Таксист — белый, невысокого роста, и его огромное пузо упирается в руль. В салоне стоит неестественный запах освежителя воздуха, а еще пахнет шоколадом, как внутри мешка с конфетами, который носят с собой на Хэллоуин. Шон понимает, откуда этот запах: на переднем сиденье стоит большая коробка с конфетами: «Тутси Роллз», леденцы, пакетики «Эм энд Эмз», крохотные «Три мушкетера».
Таксист, которого, как указано в его лицензии, зовут Теодором Римби, сияет широкой редкозубой улыбкой. На фотографии на нем галстук-бабочка. У него густые усы, а на щеках ямочки. Он и сейчас при галстуке-бабочке, а еще у него большая широкая борода. В машине холодно — обогреватель отключен.
Шон говорит Теодору адрес.
— Нет проблем. Едете показаться доктору, да? Наверно, из-за руки? Я не мог не заметить: у вас такой огромный гипс.
— Да-да.
На Шона догадливость таксиста не производит особого впечатления. Тем более он же назвал адрес больницы «Ленокс-хилл».

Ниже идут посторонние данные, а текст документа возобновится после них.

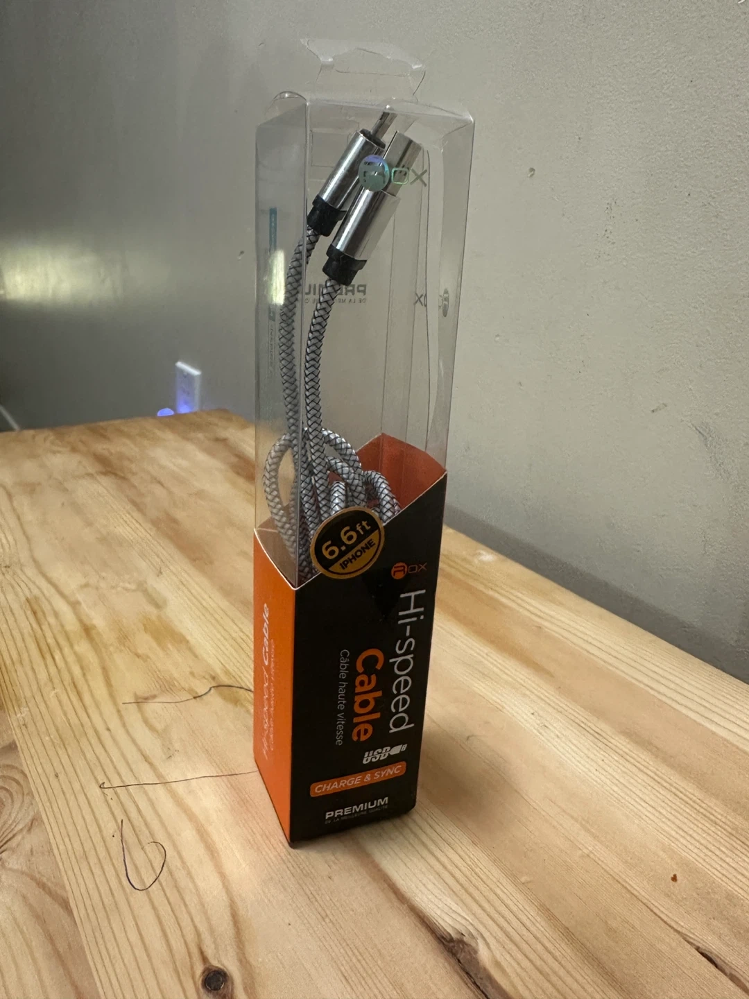 Selling a brand new Hi-Speed Cable for iPhone. It's 6.6ft long and designed for charging and syncing. Premium quality!

— Я сам недавно лежал в больнице. У меня случился инфаркт, и, скажу вам, я перепугался. Но я поскорее вернулся на такси, понимаете, нужно было возвращаться. — Теодор запускает толстую лапу в коробку с конфетами. — Не хотите угоститься? У меня здесь много всего.
— Спасибо, не хочу.
— Они все в обертках, не беспокойтесь.
— Спасибо, не надо.
— Ну, ничего страшного. Когда-то и я был придирчив и разборчив в еде, — Шон щурится, услышав такую характеристику, — а потом, конечно, я повзрослел и стал совсем другим. — Теодор разражается громким хриплым смехом; так скрипит выдвижная площадка автобуса, когда нужно въехать инвалиду на коляске. — Да, но я всегда любил конфеты, да и все остальные, как мне кажется, их обожают. Поэтому я и держу их в машине. Помогает завязать разговор.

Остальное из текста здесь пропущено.